* _WHAT YOU WILL DO_
Omit the pictures and reproduce the rest of the listing exactly.

━━━━━ SUPPLIED INFORMATION

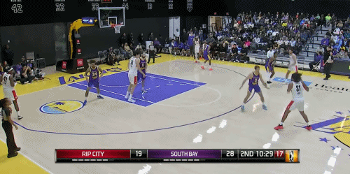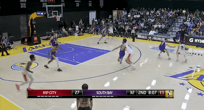 北京时间11月17日NBA G联赛,撕裂之城混音对阵南湾湖人的比赛正在进行中。
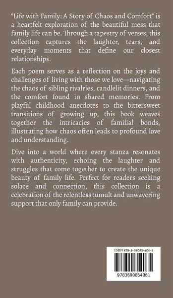 "Life with Family: A Story of Chaos and Comfort" is a heartfelt exploration of the beautiful mess that family life can be. Through a tapestry of verses, this collection captures the laughter, tears, and everyday moments that define our closest relationships. Each poem serves as a reflection on the joys and challenges of living with those we love-navigating the chaos of sibling rivalries, candlelit dinners, and the comfort found in shared memories. From playful childhood anecdotes to the bittersweet transitions of growing up, this book weaves together the intricacies of familial bonds, illustrating how chaos often leads to profound love and understanding. Dive into a world where every stanza resonates with authenticity, echoing the laughter and struggles that come together to create the unique beauty of family life. Perfect for readers seeking solace and connection, this collection is a celebration of the relentless tumult and unwavering support that only family can provide.
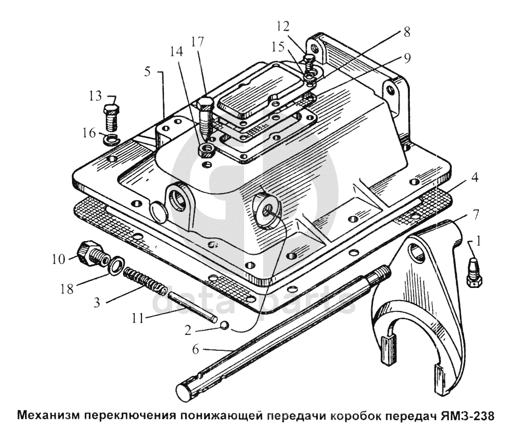 Механизм переключения понижающей передачи коробок передач ЯМЗ-238 Общий (см. мод-ции)
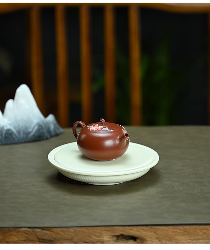 【泥料特點】砂土氣重,似淳實農民,日久使用,漸露鋒芒,養成變化,溫潤莊重。紫砂是壹種雙重氣孔結構的多孔性材質,氣孔微細,密度高。用紫砂壺沏茶,不失原味,且香不渙散,得茶之真香真味。紫砂使用越久,壺身色澤越發光亮照人,氣韻溫雅。紫砂壺長久使用器身會因撫摸擦拭,變得越發溫潤光澤。

━━━━━━━━━━

* _EXERCISE RESULT_
 北京时间11月17日NBA G联赛,撕裂之城混音对阵南湾湖人的比赛正在进行中。
 "Life with Family: A Story of Chaos and Comfort" is a heartfelt exploration of the beautiful mess that family life can be. Through a tapestry of verses, this collection captures the laughter, tears, and everyday moments that define our closest relationships. Each poem serves as a reflection on the joys and challenges of living with those we love-navigating the chaos of sibling rivalries, candlelit dinners, and the comfort found in shared memories. From playful childhood anecdotes to the bittersweet transitions of growing up, this book weaves together the intricacies of familial bonds, illustrating how chaos often leads to profound love and understanding. Dive into a world where every stanza resonates with authenticity, echoing the laughter and struggles that come together to create the unique beauty of family life. Perfect for readers seeking solace and connection, this collection is a celebration of the relentless tumult and unwavering support that only family can provide.
 Механизм переключения понижающей передачи коробок передач ЯМЗ-238 Общий (см. мод-ции)
 【泥料特點】砂土氣重,似淳實農民,日久使用,漸露鋒芒,養成變化,溫潤莊重。紫砂是壹種雙重氣孔結構的多孔性材質,氣孔微細,密度高。用紫砂壺沏茶,不失原味,且香不渙散,得茶之真香真味。紫砂使用越久,壺身色澤越發光亮照人,氣韻溫雅。紫砂壺長久使用器身會因撫摸擦拭,變得越發溫潤光澤。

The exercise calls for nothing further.